Against the backdrop of record highs in public markets, liquidity management of some private equity funds has raised market concerns. Partners Group announced redemption restrictions on its $8.6 billion private equity fund, quickly triggering a chain reaction in the alternative asset management sector. Due to investor concerns about the valuation transparency and liquidity of illiquid assets, leading institutions' stock prices are generally under pressure. In pre-market trading, KKR fell 5.8%, Blackstone Group retreated 3.9%, while Blue Owl Capital (OWL:US) and Ares Management (ARES:US) also recorded declines of about 3%. If redemption pressure in the private equity market continues to spread outward, it may prompt institutional investors to reassess the liquidity premium of alternative assets.

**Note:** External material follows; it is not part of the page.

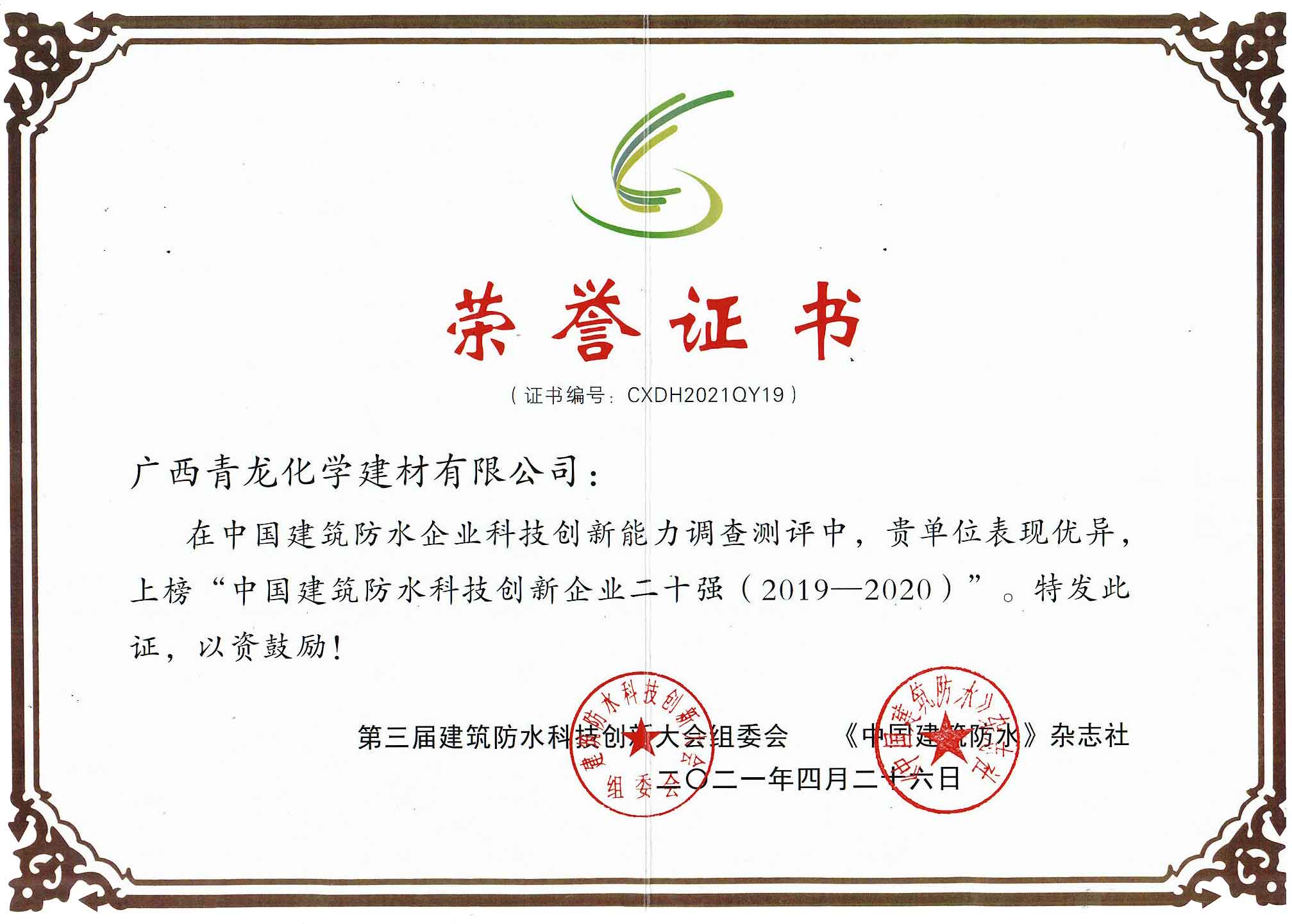 中國(guó)建筑防水科技創(chuàng)新企業(yè)二十強(qiáng)(2019-2020)

Macro Data and Monetary Policy Path Game

The three major U.S. stock indexes just hit record closing highs in the previous trading day, with the S&P 500 Index surpassing the 7600-point mark for the first time. The market's focus has now shifted to the upcoming dense macroeconomic data. The actual readings of the S&P Global (SPGI:US) manufacturing and services surveys and the U.S. Institute for Supply Management services index will provide the latest clues for assessing the momentum of U.S. economic expansion. Additionally, the upcoming labor market report will directly impact market pricing of Federal Reserve (Fed) monetary policy. Current money market data shows that traders tend to expect the Fed to keep the benchmark interest rate unchanged for the remainder of the year, but expectations for a 25 basis point rate hike in October or December are marginally increasing. Fed Chairman Kevin Warsh emphasized in an internal memo that the institution will follow its best traditions, and the market is closely watching his subsequent guidance. At the micro-enterprise level, GameStop (GME:US) recorded a 9.1% pre-market rise due to quarterly revenue growth and the announcement of a $2 billion stock buyback plan.

Risk Warning and Disclaimer

The market carries risks, and investment should be cautious. This article does not constitute personal investment advice and has not taken into account individual users' specific investment goals, financial situations, or needs. Users should consider whether any opinions, viewpoints, or conclusions in this article are suitable for their particular circumstances. Investing based on this is at one's own responsibility.